'*★ 佐藤琢磨の快挙 ★*'
2007年6月10日カナダGP。あれから2回もカナダGPを見直しました。いろんな記事を読んで、改めて琢磨ってすごいな、と思いました。
2年前に琢磨のことを書いたことがあるけど、あれから、スーパーアグリという弱小と呼ばれるチームをひっぱってきた琢磨。今年に入ってからは、最下位を脱出し、予選でもキラリと光る走りを魅せてくれていました。
大荒れに荒れたカナダGP。スーパーアグリの佐藤琢磨は合計3回ピットストップをしています。給油は2回すれば足りるはずです。
なのに琢磨は、セーフティカーが入った直後にピットに入ってきました。前回書いたように、今年からセーフティカー導入時のルールが代わり、セーフティカー中には給油ができません。

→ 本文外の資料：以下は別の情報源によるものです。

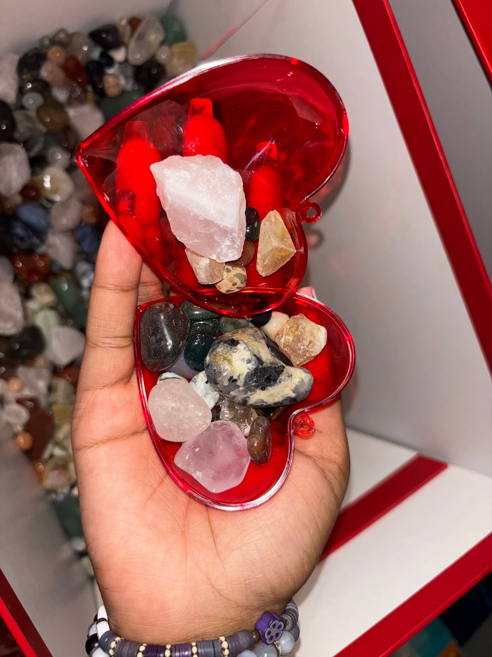 Crafted with love and intention, these bags are adorned in festive Valentine's Day-themed material, adding an extra touch of romance and celebration. Inside, awaits a kaleidoscope of crystals – a vibrant mix of sizes and textures, ensuring no two bags are alike. It's like receiving a love letter from Mother Earth herself!

「なぜここで入るんだ?』「戦略ミス?」と思った人も多いでしょう。
でも、あとで記事を読んでびっくり。あれは、琢磨が独断で決めたことだったそうです。理由はタイヤのため。
今年のもう一つのタイヤのルールで、ドライバーは1レースで「必ず2種類のタイヤをはかなくてはならない」というのがあります。今回は「ソフト」か「スーパーソフト」。
「スーパーソフト」は短距離なら早さがでるのですが、長距離になるとどんどん遅くなっていくそうです。だから、できるだけ「スーパーソフト」を履く時間は短くしたい、でも、ピットストップして履き替えるとそれだけ時間を損する、だから皆、がまんして「スーパーソフト」を履いているのです。
琢磨はこのとき「ソフト」を履いていました。そして、何も無ければあと一度、給油して、同時に「スーパーソフト」に履き替え、レースを終える予定でした。
琢磨は、セーフティカーがはいった瞬間にピットに入ることを決めたそうです。ここで「スーパーソフト」に履き替えれば、次の給油までの短い時間だけ「スーパーソフト」を使う事になる、その後は「ソフト」に履き替えることができる。「クルーは夜遅くまで練習してるから必ず答えてくれる」と思って。
それが大正解だったんですね。そのあとの給油のときに「ソフト」に履き替えた琢磨は、トヨタのラルフ、マクラーレンのアロンソを抜くことができたのです。堂々の6位となったのです。あのときタイヤ交換をしなければ、この快挙は達成できなかったそうです。
順位が上がってくると、守りに入って抜かなくなっていくドライバーが多い中、魅せる走りをしてくれる琢磨。本当にすばらしいレースでした。